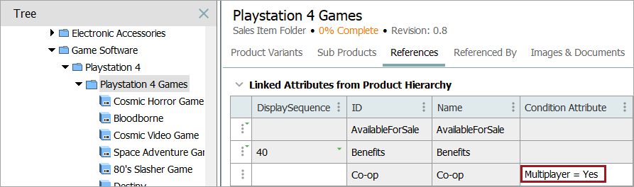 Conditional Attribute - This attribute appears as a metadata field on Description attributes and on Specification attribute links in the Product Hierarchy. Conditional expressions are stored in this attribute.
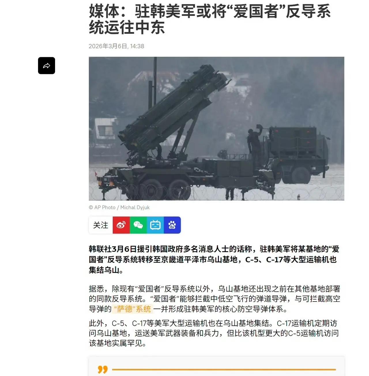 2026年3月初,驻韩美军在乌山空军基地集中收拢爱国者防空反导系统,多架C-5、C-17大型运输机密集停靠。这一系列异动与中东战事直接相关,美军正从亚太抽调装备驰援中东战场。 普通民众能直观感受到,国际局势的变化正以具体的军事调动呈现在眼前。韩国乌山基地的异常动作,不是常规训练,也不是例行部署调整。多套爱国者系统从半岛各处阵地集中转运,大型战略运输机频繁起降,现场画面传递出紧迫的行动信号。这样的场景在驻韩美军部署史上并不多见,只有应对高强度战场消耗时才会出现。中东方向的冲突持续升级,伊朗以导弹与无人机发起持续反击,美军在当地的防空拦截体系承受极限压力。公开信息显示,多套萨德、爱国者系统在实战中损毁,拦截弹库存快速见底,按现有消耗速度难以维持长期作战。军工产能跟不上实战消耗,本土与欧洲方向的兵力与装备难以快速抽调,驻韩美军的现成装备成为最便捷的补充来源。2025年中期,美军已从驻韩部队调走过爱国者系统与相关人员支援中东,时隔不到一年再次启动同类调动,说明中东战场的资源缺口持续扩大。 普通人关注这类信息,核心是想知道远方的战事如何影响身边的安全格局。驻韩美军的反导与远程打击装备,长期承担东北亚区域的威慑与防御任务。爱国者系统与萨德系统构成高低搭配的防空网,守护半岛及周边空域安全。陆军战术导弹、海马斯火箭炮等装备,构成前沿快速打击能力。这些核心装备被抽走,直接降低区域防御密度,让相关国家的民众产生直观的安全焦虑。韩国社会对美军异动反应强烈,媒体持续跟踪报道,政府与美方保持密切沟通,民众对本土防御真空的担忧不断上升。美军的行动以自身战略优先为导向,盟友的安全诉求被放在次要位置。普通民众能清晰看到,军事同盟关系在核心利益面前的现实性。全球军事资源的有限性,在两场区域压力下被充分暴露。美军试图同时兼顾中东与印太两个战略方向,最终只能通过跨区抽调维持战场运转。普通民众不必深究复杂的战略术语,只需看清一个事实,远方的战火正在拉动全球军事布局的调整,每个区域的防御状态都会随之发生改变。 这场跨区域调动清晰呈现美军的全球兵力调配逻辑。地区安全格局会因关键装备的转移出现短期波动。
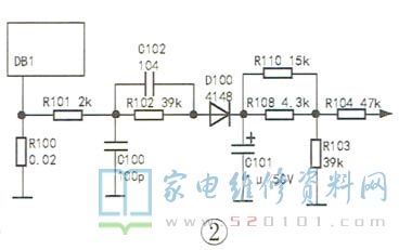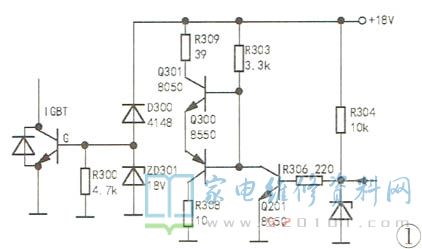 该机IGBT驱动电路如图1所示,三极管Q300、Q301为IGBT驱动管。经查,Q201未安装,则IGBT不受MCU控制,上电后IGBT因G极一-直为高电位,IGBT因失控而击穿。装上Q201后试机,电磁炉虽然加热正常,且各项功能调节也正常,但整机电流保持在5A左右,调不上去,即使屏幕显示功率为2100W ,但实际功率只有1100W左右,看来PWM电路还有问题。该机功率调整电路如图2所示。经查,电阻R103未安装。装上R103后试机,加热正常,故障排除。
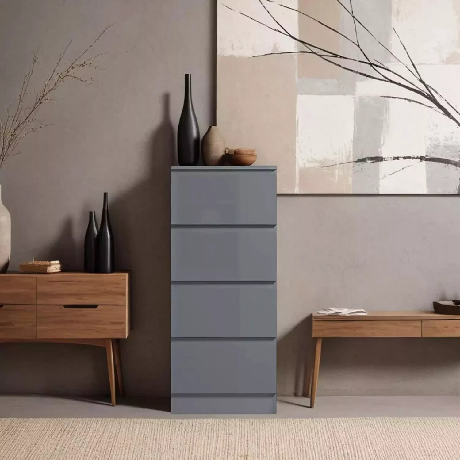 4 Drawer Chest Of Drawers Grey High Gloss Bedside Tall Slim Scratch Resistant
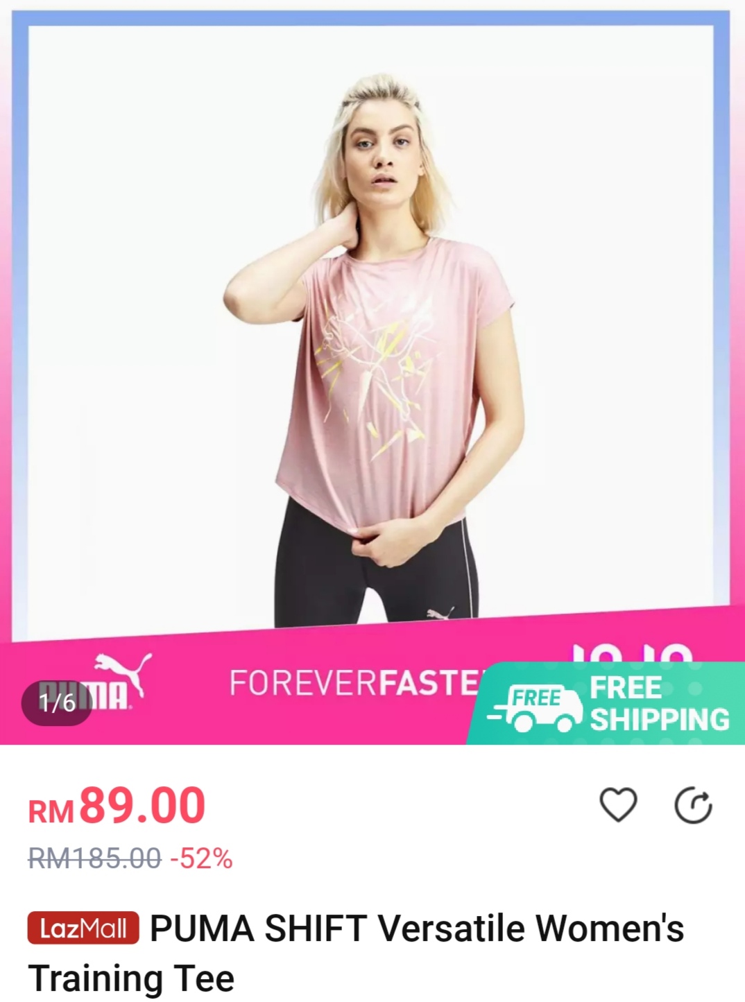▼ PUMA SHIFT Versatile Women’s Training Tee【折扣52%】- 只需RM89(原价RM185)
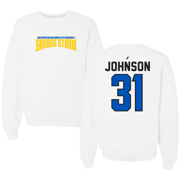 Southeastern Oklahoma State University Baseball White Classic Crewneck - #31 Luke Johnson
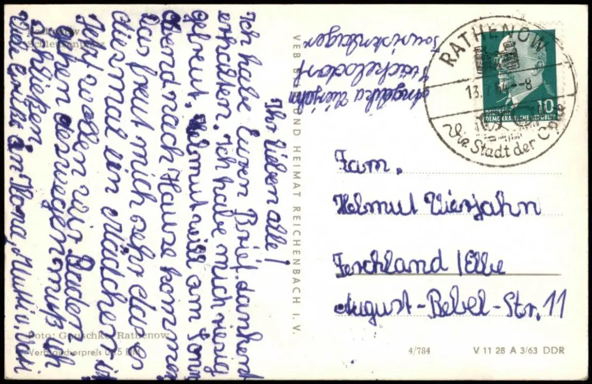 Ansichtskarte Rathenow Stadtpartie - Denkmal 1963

☆ ☆ ☆

**What is needed**
Omit the pictures and return exactly the lines from the line containing "该机IGBT驱动电路如图1所" through the final line of the material above, both ends included.

**Response below**
 该机IGBT驱动电路如图1所示,三极管Q300、Q301为IGBT驱动管。经查,Q201未安装,则IGBT不受MCU控制,上电后IGBT因G极一-直为高电位,IGBT因失控而击穿。装上Q201后试机,电磁炉虽然加热正常,且各项功能调节也正常,但整机电流保持在5A左右,调不上去,即使屏幕显示功率为2100W ,但实际功率只有1100W左右,看来PWM电路还有问题。该机功率调整电路如图2所示。经查,电阻R103未安装。装上R103后试机,加热正常,故障排除。
 4 Drawer Chest Of Drawers Grey High Gloss Bedside Tall Slim Scratch Resistant
▼ PUMA SHIFT Versatile Women’s Training Tee【折扣52%】- 只需RM89(原价RM185)
 Southeastern Oklahoma State University Baseball White Classic Crewneck - #31 Luke Johnson
 Ansichtskarte Rathenow Stadtpartie - Denkmal 1963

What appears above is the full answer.